Exercise inputs:
........
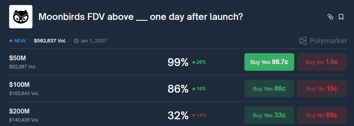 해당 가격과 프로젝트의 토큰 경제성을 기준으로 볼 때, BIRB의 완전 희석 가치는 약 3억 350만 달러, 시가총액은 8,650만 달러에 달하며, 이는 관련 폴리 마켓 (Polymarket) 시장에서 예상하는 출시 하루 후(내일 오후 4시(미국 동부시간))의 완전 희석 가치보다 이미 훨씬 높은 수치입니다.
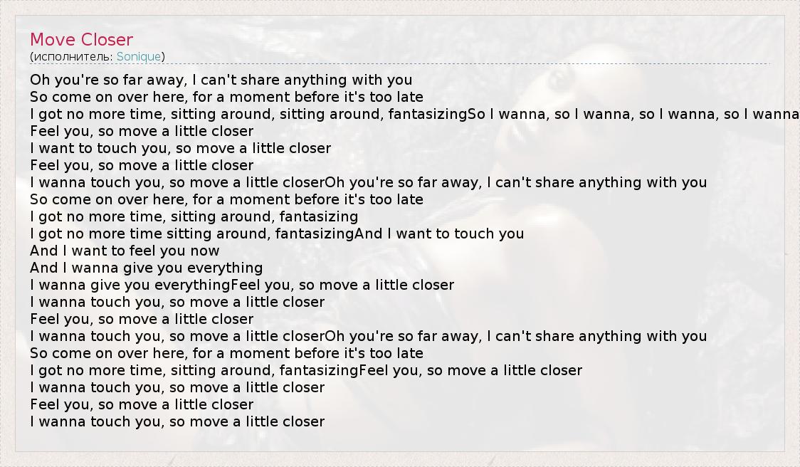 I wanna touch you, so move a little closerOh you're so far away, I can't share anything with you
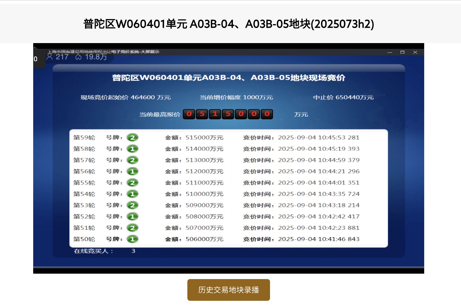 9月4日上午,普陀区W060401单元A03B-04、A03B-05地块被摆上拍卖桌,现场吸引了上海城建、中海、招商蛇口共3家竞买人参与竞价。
........
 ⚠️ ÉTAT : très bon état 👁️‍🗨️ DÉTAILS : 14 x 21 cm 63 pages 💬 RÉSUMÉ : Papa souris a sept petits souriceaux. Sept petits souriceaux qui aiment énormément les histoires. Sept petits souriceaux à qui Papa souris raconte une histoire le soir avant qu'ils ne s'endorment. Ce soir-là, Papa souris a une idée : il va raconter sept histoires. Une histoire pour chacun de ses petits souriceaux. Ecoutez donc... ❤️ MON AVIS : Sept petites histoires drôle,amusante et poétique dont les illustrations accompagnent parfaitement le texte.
........
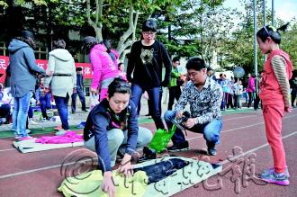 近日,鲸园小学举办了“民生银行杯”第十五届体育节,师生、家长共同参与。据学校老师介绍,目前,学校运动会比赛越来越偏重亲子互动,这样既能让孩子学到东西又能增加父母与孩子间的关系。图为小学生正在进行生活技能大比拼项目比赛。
........
What you are asked to do:
The line holding "해당 가격과 프로젝트의" starts the copy and the line holding "9月4日上午,普陀区W060" ends it. Repeat those two lines above and all between them exactly, leaving out pictures.

Answer to this problem:
 해당 가격과 프로젝트의 토큰 경제성을 기준으로 볼 때, BIRB의 완전 희석 가치는 약 3억 350만 달러, 시가총액은 8,650만 달러에 달하며, 이는 관련 폴리 마켓 (Polymarket) 시장에서 예상하는 출시 하루 후(내일 오후 4시(미국 동부시간))의 완전 희석 가치보다 이미 훨씬 높은 수치입니다.
 I wanna touch you, so move a little closerOh you're so far away, I can't share anything with you
 9月4日上午,普陀区W060401单元A03B-04、A03B-05地块被摆上拍卖桌,现场吸引了上海城建、中海、招商蛇口共3家竞买人参与竞价。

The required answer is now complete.